Before we met, Adnan built the technology stack for Dugdugi, the Spotify of Bangladesh. They were the hottest startup back in the early days of the startup scene in Dhaka. They failed.
Wasif tried making a media platform with some friends. They failed.
Elius was somewhat involved with both Adnan and Wasif’s projects. He too had built a bunch of stuff before we met. Most notably, he made http://istomorrowhartal.com – which went viral in 2015.
I had my first project back in 8th grade. It was an event management startup I started with 5 friends. It failed. Then came a series of gigs which included freelancing on Fiverr, starting an online fashion store, trying to build an app that would help me talk to girls (don’t ask), and working as a graphics designer doing freelance work and then working at Chaldal, a Y-combinator backed startup in Dhaka.
Every one of those ventures taught us something new. We gained a ton of experience. We knew exactly what we needed to fail; now, we just needed to find how to succeed.
Like us, you will likely encounter failure in your first attempt at building a business. And that’s fine. What matters most is whether you can dust yourself off and keep moving forward.
Startup Lesson 5: Done is better than perfect
All our lives, we’ve been taught not to fail and always play safe. Our social/cultural norms are risk aversive. In 2015, when we were starting out and experimenting with a number of business ideas, we had to have a culture that encouraged us to try things and not be stigmatized by failure. This would mean sailing against the wind.

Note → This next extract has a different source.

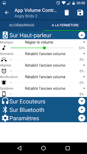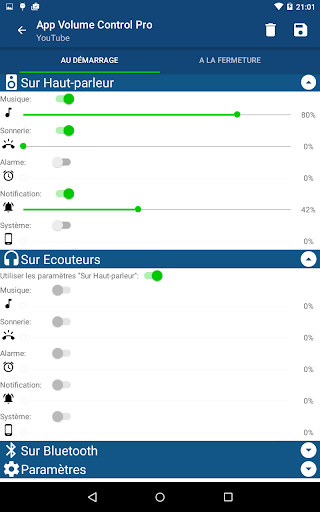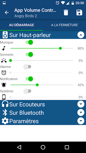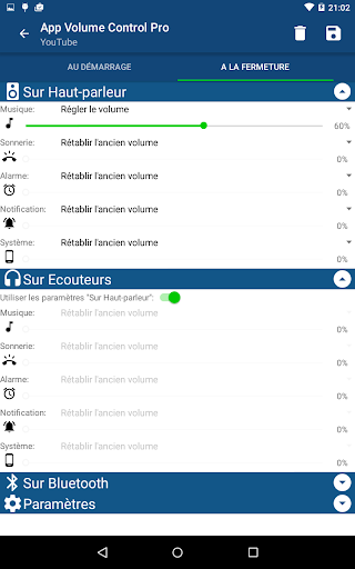 - Réglage des volumes au démarrage des applications.

I championed this idea of valuing experience and learning over our traditional notion of success. We needed to engrain this mantra in ourselves at the time. I made a poster with the quote “Done is better than perfect” and pasted it on our office walls.
Ship more, make mistakes, learn more, and improve
To fail fast and fail better, we needed to get our products to the market, gather data on how the market responds, and iterate from there. We needed to do this fearlessly.
Over the years my appreciation has grown for this approach.
If you’re building a new business, especially a tech business, then you need to get your product in the hands of your customers as soon as possible. Avoid the trap of spending a year building something you think is great but your customers don’t want.
This approach may not be a fit for businesses of all stages. As Pathao grew, I had to grow out of this mentality in some areas of our business. Compliance, for example. Our legal paperwork had to be nothing short of perfect, especially since we’re a new kind of business and the regulations surrounding us were ambiguous. We had to be spot on.
That being said, I’m convinced that for an early-stage startup, shipping a minimum viable version of your product as soon as possible is the way to go. Ship more, make mistakes, learn more, and improve.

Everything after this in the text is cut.